■ RAW DATA:

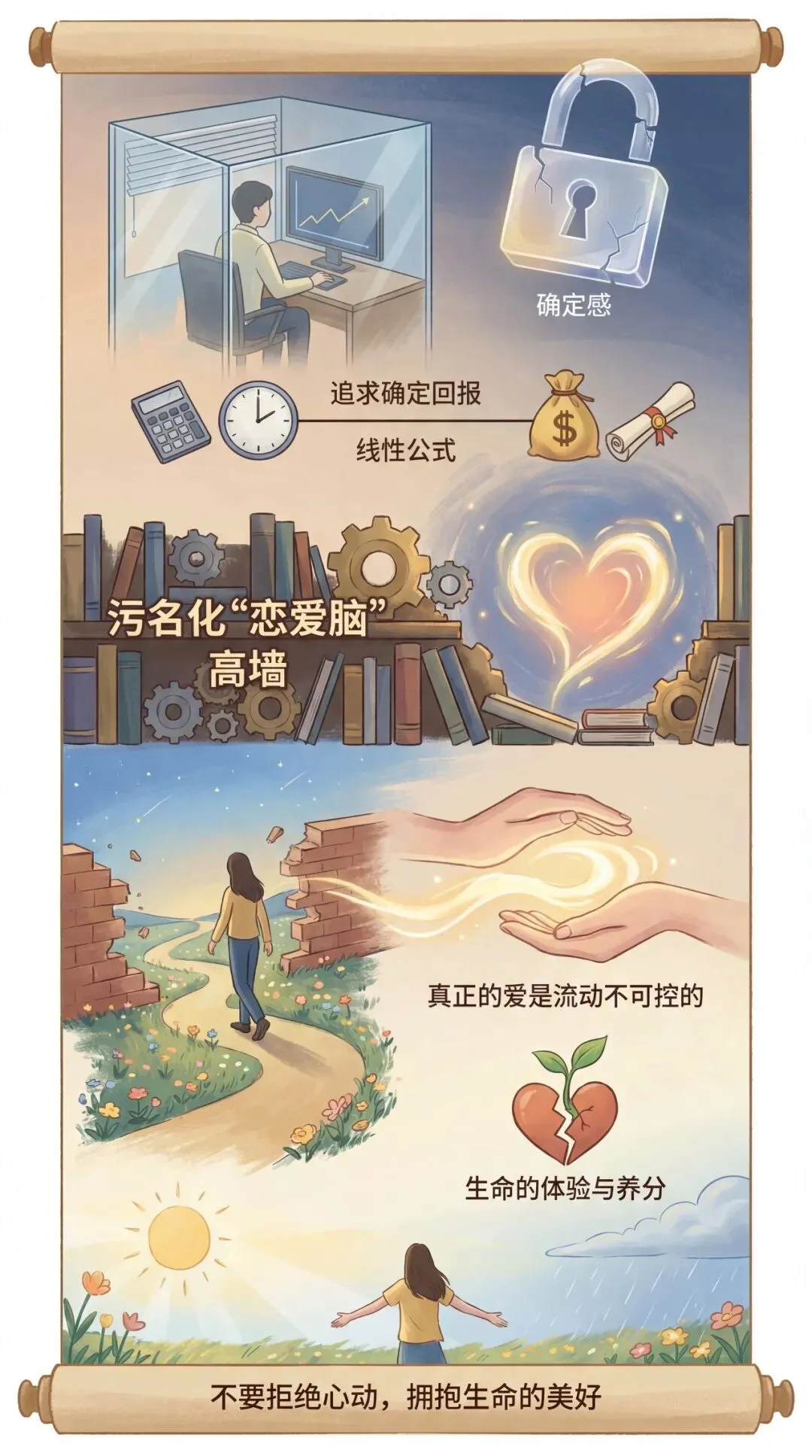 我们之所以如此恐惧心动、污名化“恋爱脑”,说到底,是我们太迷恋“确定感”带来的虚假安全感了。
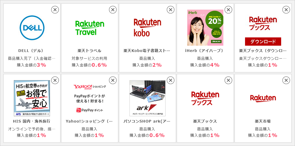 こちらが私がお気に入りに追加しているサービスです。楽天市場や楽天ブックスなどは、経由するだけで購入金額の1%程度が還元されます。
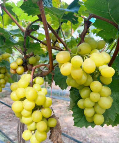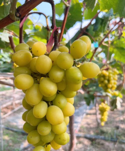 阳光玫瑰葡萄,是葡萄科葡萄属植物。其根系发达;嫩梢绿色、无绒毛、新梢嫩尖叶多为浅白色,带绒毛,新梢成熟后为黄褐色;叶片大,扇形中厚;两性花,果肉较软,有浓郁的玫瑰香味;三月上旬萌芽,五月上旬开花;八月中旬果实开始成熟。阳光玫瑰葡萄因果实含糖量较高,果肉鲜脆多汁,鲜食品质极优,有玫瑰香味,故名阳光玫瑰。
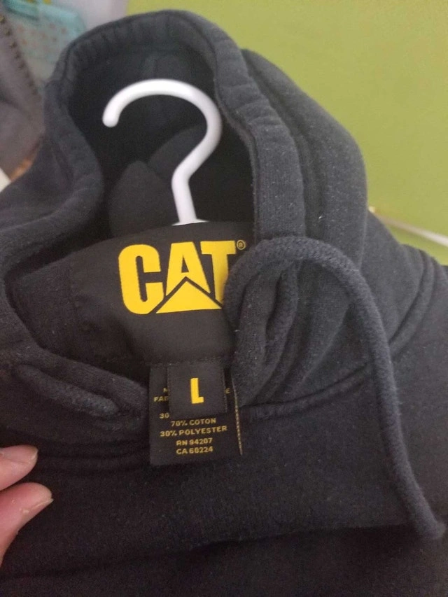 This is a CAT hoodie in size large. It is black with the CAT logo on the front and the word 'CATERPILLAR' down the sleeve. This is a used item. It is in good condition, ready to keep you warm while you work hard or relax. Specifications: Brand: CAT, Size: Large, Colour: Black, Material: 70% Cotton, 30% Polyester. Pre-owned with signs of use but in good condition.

■ WORK TO COMPLETE: Leaving out only the pictures, reproduce the listing exactly.

■ EXERCISE RESULT:
 我们之所以如此恐惧心动、污名化“恋爱脑”,说到底,是我们太迷恋“确定感”带来的虚假安全感了。
 こちらが私がお気に入りに追加しているサービスです。楽天市場や楽天ブックスなどは、経由するだけで購入金額の1%程度が還元されます。
 阳光玫瑰葡萄,是葡萄科葡萄属植物。其根系发达;嫩梢绿色、无绒毛、新梢嫩尖叶多为浅白色,带绒毛,新梢成熟后为黄褐色;叶片大,扇形中厚;两性花,果肉较软,有浓郁的玫瑰香味;三月上旬萌芽,五月上旬开花;八月中旬果实开始成熟。阳光玫瑰葡萄因果实含糖量较高,果肉鲜脆多汁,鲜食品质极优,有玫瑰香味,故名阳光玫瑰。
 This is a CAT hoodie in size large. It is black with the CAT logo on the front and the word 'CATERPILLAR' down the sleeve. This is a used item. It is in good condition, ready to keep you warm while you work hard or relax. Specifications: Brand: CAT, Size: Large, Colour: Black, Material: 70% Cotton, 30% Polyester. Pre-owned with signs of use but in good condition.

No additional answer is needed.